A bare, uncovered patio facing west will often feel exposed and uncomfortable, especially during sunny afternoons. That’s the case designer-builder Peter Brown faced at the Cook residence in Bozeman, Montana. “This patio is essentially unusable on a sunny summer afternoon,” Brown says. The homeowners asked Brown to design and build a roof for the exposed patio, which sits outside the dining room, so he considered the options.
The patio roof design process
As the first and probably the easiest option, Brown considered installing a ledger under the eave for a simple shed-roof structure. He determined that doing so would limit the sightlines from inside the house.
“A cross-section view of this option shows that the combination of a low ledger height, minimal roof slope, and the depth of the supporting beam will block the views from the dining area,” Brown explains.
From exploring the options in the cross-section views, Brown determined, "A better option will be to use the supporting post and beam structure but work backward from a beam height that preserves the view.”
“Again, this is illustrated in a cross-section view,” he says. “We first calculated a sightline clearance height. Then going with a beam depth of eight inches, a roof pitch of 3/12, and a 2x6 roof structure, we could determine this new roof's contact and bearing points onto the existing roof.”
The existing roof—the eave specifically—is the tricky point. The aesthetics are subjective, but Brown and the homeowners agreed to remove it underneath the new roof. That decision necessitated extending the wall plane to the new 1x6 roof decking while also closing the cut-off eave ends in a tidy fashion.
In addition, the home’s existing 6/12 roof uses trusses, so Brown needed to determine if and how he could cut them off. “We were able to contact the original truss manufacturer to verify that removing the eave area would not compromise the structural integrity of the existing trusses,” he notes.
Materials For A Sturdy, Rough-Hewn Look
At that point, with the design finalized, Brown worked with the Cooks to decide on materials.
“It’s safe to say that this new structure will be the prominent architectural feature on that side of the home,” he notes. “With that in mind, we decided to go with a sturdy rough-hewn look. A typical exterior porch construction would be 4-by or 6-by posts and beams. We decided to up the ante and go with 8x8 rough-sawn posts, beams, and 2x6 rough-sawn rafters.”

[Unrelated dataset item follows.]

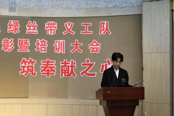 而后进行优秀志愿者集和个人分表彰颁奖、穿戴绿丝带义工队马甲、佩戴绿丝带、颁发志愿者证,并举行隆重的宣誓仪式。

He also specified rough-sawn 1x6 material for the decking, topped with black roofing felt, ⅝” OSB, and matching asphalt shingles.
Finally, as a decorative touch and structural requirement, Brown specified custom chunky black steel pieces for the post-beam connectors and post bases/brackets.

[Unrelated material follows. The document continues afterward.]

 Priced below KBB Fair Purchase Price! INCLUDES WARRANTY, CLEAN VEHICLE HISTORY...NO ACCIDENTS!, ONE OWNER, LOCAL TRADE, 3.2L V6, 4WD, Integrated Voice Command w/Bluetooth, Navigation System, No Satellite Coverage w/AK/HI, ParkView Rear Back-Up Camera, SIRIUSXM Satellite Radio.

Video 2: Construction process when tying a new patio roof into an existing roof
We decided to use oversized 8-by rough-cut posts and beams in the design. Our first move was to ease the rough-cut material's edges with a power plane. This extra step will add a simple but elegant touch to the finished product. All of this new material was laid out and pre-stained before installation.
Custom metal connectors spice up the structure
Using 8x8 posts and beams required that we weld custom brackets and connectors. We connect the posts to the patio slab with 8-inch plates with vertical fins. These plates are attached to the slab with two five-eighths by six-inch concrete anchors.
Each vertical post is cut to length and secured to the brackets with lag bolts. The horizontal beam is pre-chamfered 15 degrees at the bearing point for the rafters. This beam is then set into place and temporarily secured. The two outside rafters are placed and
squared into position.
Tying the new roof into the existing roof
At this point, we can determine precisely where and how much of the roofing we need to remove once the eave is trimmed
back and the exact bearing point location for the rafters is determined.
A continuous two-by-six is attached across the existing roof surface. Each new two-by-six rafter is pre-cut and seated on a 14-inch layout over the 2x6. The attachment is an 8-inch structural screw through each rafter into the 2x6.
The blocking gives the wall below a clean termination point. The rafter is over the beam bear on the chamfered area. They attach from the top with a 10-inch structural screw and blocking in between as a finished surface visible from below.
The roof decking is the finished surface from below
1x6 is attached to the top of the rafters with 1/4 inch spacing, and black roofing felt is applied to accentuate the shadow gaps visible from below. 5/8-inch OSB is applied on top as the final surface before roofing. This keeps roofing nails from showing through the shadow gaps on the finish side at the upper part of the new roof. Our area could end up being enclosed, and unventilated roof spaces can be trouble if not designed purposefully. As a precaution, we have set the blocking low and installed a 1/8-inch screening.
Cleaning up the little finish details
An area of concern during the design process was how to finish the areas where we removed the eave terminations, which are visible below.
We experimented with some mock-ups and created a clean final finishing detail that blends well with the existing eave. Adding permanent post and beam connections is one of the last details before roofing the new structure. As an artistic flair, we had 3/16 inch plates sheared into triangle shapes, drilled, and finished. These simple connection plates add attractive and functional finished detail.
Mike and Gina are very pleased with the final product. This covered patio area dramatically increases the livability of their backyard. I am glad they have allowed me to share the design and construction process with you.